Rajoy takes over Catalonia’s finances

The Spanish government will monitor all Generalitat spending as punishment for independence process

Dani Sánchez Ugart
2 min
Alfonso Alonso, Soraya Sáenz de Santamaría i Cristóbal Montoro, avui en la roda de premsa posterior al consell de ministres / EFE

MadridThe Spanish government has imposed harsh special conditions on Catalonia for loans from the Regional Liquidity Fund (FLA in Spanish), which is a de facto takeover of the Generalitat's finances. As announced on Friday by Spanish Vice-President Soraya Sáenz de Santamaría, "the unique situation with Catalonia" and the "breach of its obligations", in addition to "statements by its elected leaders", has led the Madrid government to raise its degree of intervention in Catalan finances.

The Spanish government has distributed €7,889 million from the fund surplus, of which Catalonia had requested €2.6 billion, subject to a final assessment by Treasury staff.

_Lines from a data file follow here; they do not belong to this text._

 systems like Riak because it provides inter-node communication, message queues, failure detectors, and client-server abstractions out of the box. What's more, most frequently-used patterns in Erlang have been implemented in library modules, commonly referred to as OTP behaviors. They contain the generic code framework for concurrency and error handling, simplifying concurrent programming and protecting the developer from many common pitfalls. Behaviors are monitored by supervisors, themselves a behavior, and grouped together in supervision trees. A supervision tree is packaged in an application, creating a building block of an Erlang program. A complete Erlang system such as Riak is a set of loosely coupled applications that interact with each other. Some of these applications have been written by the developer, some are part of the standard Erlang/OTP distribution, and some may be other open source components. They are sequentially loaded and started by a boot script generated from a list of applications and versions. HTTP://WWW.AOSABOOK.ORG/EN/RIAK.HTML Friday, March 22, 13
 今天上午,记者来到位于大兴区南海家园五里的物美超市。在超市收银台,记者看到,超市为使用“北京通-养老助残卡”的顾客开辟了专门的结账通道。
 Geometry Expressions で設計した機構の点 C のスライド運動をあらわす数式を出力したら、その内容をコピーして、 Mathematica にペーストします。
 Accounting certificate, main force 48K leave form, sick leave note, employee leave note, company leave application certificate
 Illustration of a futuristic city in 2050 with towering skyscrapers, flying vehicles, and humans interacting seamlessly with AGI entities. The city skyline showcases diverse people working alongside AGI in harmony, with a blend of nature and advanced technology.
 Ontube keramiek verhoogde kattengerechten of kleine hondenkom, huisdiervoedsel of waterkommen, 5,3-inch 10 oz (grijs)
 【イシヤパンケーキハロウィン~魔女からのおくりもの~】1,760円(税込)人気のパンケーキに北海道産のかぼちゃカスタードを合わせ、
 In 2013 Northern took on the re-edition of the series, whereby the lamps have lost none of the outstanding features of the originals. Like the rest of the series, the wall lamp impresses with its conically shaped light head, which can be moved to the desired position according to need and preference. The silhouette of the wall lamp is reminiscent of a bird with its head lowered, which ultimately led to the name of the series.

Finally, after this evaluation, Catalonia will receive €3,034 million from the FLA, but will be subject to these new oversight measures, of which other communities are free: every month the Comptroller General will have to certify that Catalonia is not spending a single euro for illegal ends, and government workers can report the Generalitat if they believe that there has been a violation of the law. That is, not only will the FLA expenditures be monitored, as has been the case, but all other spending will be as well, including all expenses made with income from Catalonia’s own taxes or the sale of assets.

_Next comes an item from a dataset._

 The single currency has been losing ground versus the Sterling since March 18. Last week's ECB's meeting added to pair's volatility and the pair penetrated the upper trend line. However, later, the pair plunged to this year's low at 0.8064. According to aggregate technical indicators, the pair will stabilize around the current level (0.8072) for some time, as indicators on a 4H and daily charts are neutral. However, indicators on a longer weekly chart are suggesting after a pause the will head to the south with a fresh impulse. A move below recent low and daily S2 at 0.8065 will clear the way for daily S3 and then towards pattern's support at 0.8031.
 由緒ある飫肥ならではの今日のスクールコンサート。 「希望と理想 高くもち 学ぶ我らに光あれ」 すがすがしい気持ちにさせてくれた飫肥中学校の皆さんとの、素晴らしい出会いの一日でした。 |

Cristóbal Montoro, Spain’s Finance Minister, had warned that these funds will not go towards financing "pro-independence whims". With the steps announced on Friday, the warning takes on substance, and Montoro is confirmed as President Rajoy's anti-independence spearhead on financial matters. In practice, this means a partial takeover of the Generalitat’s financial autonomy. Nevertheless, Montoro stated that the Spanish government "has not taken over" the accounts of any regions, but merely that "it has established more stringent oversight mechanisms".

Montoro considers that Catalonia represents a "risk for the general interest", for the same reasons given by the vice-president. According to him, there have been statements made by Catalan leaders about non-payment of suppliers and debt. In addition, he reproached the Catalan authorities for the 1.3 billion euros in deficit prior to 2013 that, according to the Finance Ministry, was concealed by Catalonia, although the Catalan Finance Minister, Andreu Mas-Colell, says that this was known to the central government.

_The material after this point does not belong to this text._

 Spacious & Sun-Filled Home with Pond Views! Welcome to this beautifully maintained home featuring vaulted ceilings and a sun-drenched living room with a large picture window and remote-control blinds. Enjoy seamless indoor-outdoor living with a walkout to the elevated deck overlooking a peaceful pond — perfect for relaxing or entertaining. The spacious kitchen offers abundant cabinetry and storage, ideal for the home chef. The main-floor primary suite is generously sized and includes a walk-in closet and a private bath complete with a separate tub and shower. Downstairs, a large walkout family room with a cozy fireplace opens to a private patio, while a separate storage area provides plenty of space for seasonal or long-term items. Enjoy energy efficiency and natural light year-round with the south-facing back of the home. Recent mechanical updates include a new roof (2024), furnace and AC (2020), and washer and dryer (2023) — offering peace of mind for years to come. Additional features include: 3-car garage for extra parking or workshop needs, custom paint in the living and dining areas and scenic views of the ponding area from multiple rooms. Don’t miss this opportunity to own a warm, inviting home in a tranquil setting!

Catalonia is the region that will receive the most money from this new loan, but it will have "additional specific controls" to do with transparency, according to the vice-president. These controls, according to Montoro, will require the Generalitat to establish an online connection with the Spanish government, via an access point for electronic invoices, so as to have "greater traceability": that is, so as to know what all the money is being spent on. It will also require the Comptroller to issue a monthly certificate of execution for the entire budget to guarantee that it does not "contravene the law".

In short, the Generalitat's spending will come under even greater scrutiny by the Spanish government, which will be able to veto items that it believes to be illegal. In addition, the Spanish Treasury will have to approve debt operations one-by-one, and will offer "protection to public employees for the execution of these measures".